Don’t know how high-powered committees think, but some of these poets deserve the honour, surely.
Sandipan Deb Sandipan Deb | 08 Dec, 2009
Don’t know how high-powered committees think, but some of these poets deserve the honour, surely.
The Nobel Prize for Literature has always been a rather strange award, its selection criteria often incomprehensible, many of its awardees long forgotten. Consider the first three Prizes ever: Sully Prudhomme in 1901, Theodor Mommsen in 1902, and Bjornstjerne Bjornson in 1903. Who were these people? What did they write? But forget posterity.

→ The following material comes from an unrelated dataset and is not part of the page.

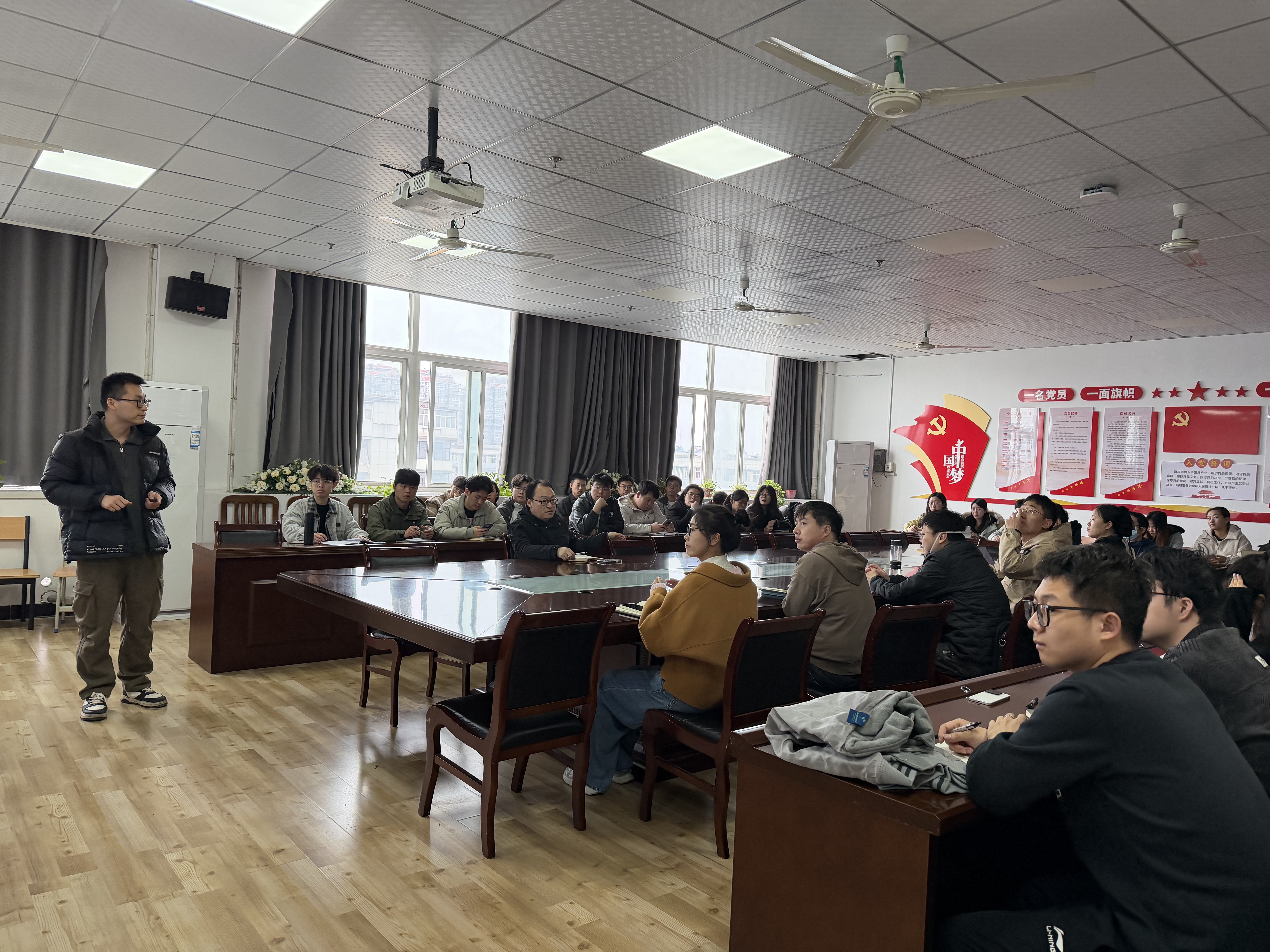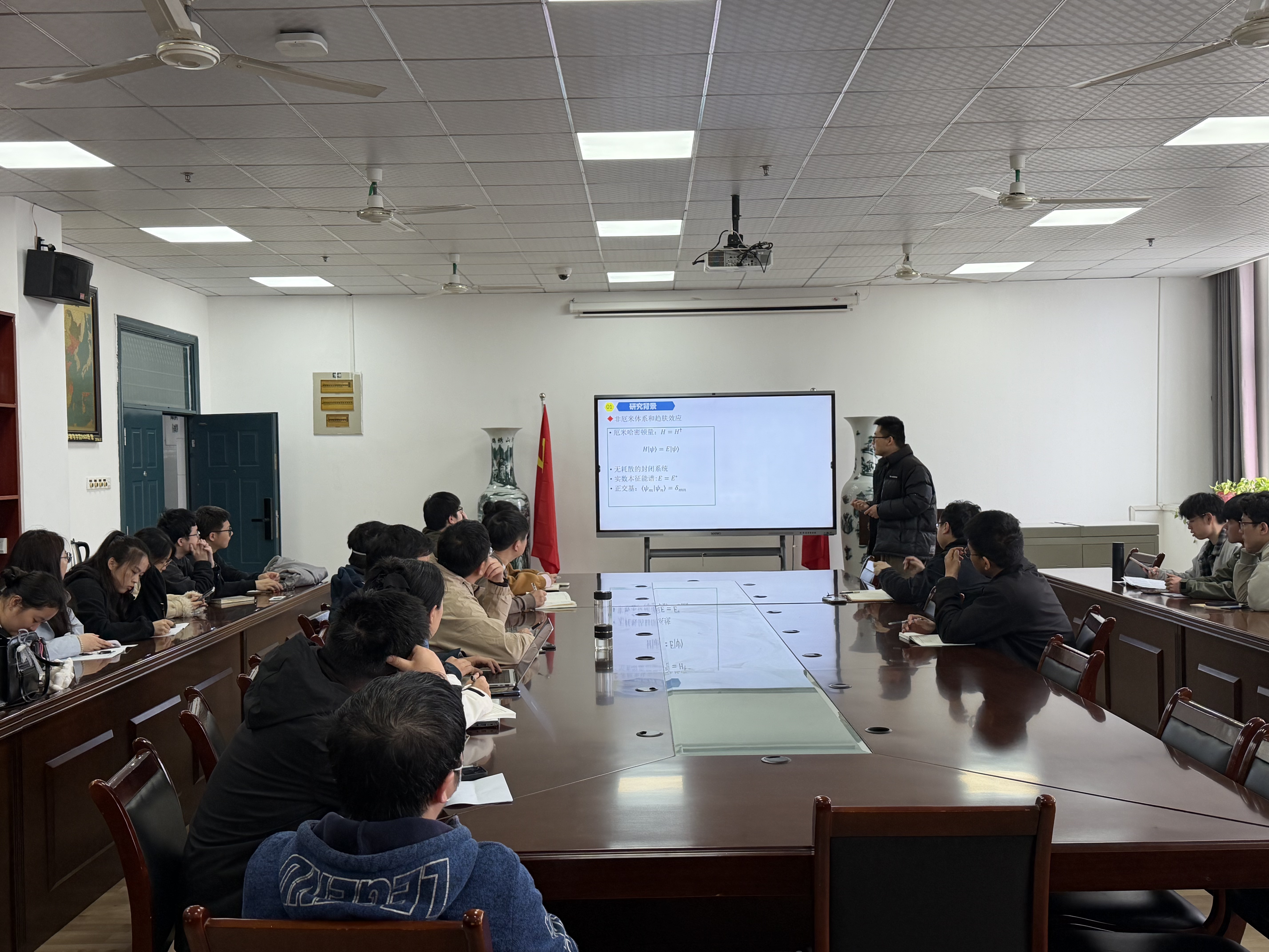 报告结束后,现场交流环节气氛热烈。青年教师们从各自的研究方向出发,就非厄米拓扑相的实验实现、潜在应用等问题展开深入探讨;研究生们则围绕报告中的关键理论和推导细节积极提问,张博士一一耐心解答,此次报告不仅拓宽了他们的学术视野,更激发了学科合作的灵感,并表达了在科研方面加强合作的意愿。

In 2008, the Prize went to Jean-Marie Gustave Le Clezio of France, and even the Alliance Francaise library in Delhi did not have a single copy of any book of his!
And, of course, there have been the omissions. While Prudhomme, Mommsen and Bjornson were delivering their acceptance speeches, Tolstoy and Mark Twain were still alive! Graham Greene never got the Nobel, the rumoured reason being either his friendship with Fidel Castro, or an affair he allegedly had with the wife of a member of the Royal Swedish Academy. Boris Pasternak and Alexander Solzhenitsyn could well have been awarded for reasons more political than literary, because of their dissident status in Soviet Russia.
I believe—and I say this in all seriousness—that there are many poets that the Nobel committee has overlooked steadfastly over the decades; indeed, it may never have struck the committee that these poets should even be considered. In fact, they have never been on the radar for any literary prize, as far as I know. This is because these poets sing. I am talking of the poets of popular music.
Bob Dylan is perhaps the only singer who has been recognised widely as a poet, so I won’t go into that. All of us know at least a couple of lines from Blowin’ in the Wind, or The Times They Are a Changin’ or A Hard Rain. But I am hardly an expert on Dylan, so I’d rather talk about bands that are much less famous for the literary quality of their lyrics.
‘So you run and you run to catch up with the sun, but it’s sinking/ Racing around to come up behind you again/ The sun is the same in a relative way, but you’re older/ Shorter of breath and one day closer to death.’
I may be a complete clod on such matters, but I can’t help thinking that this is poetry, it affects me: both the thought and the imaginative wordsmithery.
‘The lunatic is in my head/ The lunatic is in my head/ You raise the blade, you make the change/ You re-arrange me ‘till I’m sane/ You lock the door/ And throw away the key/ There’s someone in my head but it’s not me.’
Bloody powerful stuff, as far as I am concerned: a mighty scary study of mental degeneration and society’s response to it. Both are from the album Dark Side of the Moon by Pink Floyd.
About 20 years ago, Ian Anderson of the band Jethro Tull dismayed many Indian fans by revealing that his epic, Thick as a Brick, was a joke. A lot of bands were releasing pseudo-intellectual theme albums, and Tull just meant to parody the concept. The hall was filled with fans who, clearly, had worn their hair and beards long and unkempt for years just to look the way their idol appeared on album covers. First, Anderson turned out to look more like a country squire with a neatly-trimmed beard and hair. Then this? There must have been a stampede in Delhi’s barber shops that evening.
But then, who could have ever guessed? This is how the song begins: ‘Really don’t mind if you sit this one out/ My words but a whisper your deafness a shout/ I may make you feel but I can’t make you think/ Your sperm’s in the gutter your love’s in the sink/ So you ride yourselves over the fields and you make all your animal deals and/ Your wise men don’t know how it feels to be thick as a brick.’ As poetry, whatever the intent of the songwriter was, Thick as a Brick can hold its own against anything.
Okay, so I am a bit of a clod, but I would any day prefer the works of Tull or The Beatles to those of Carl Gustaf Verner von Heidenstam (1916), God bless his soul.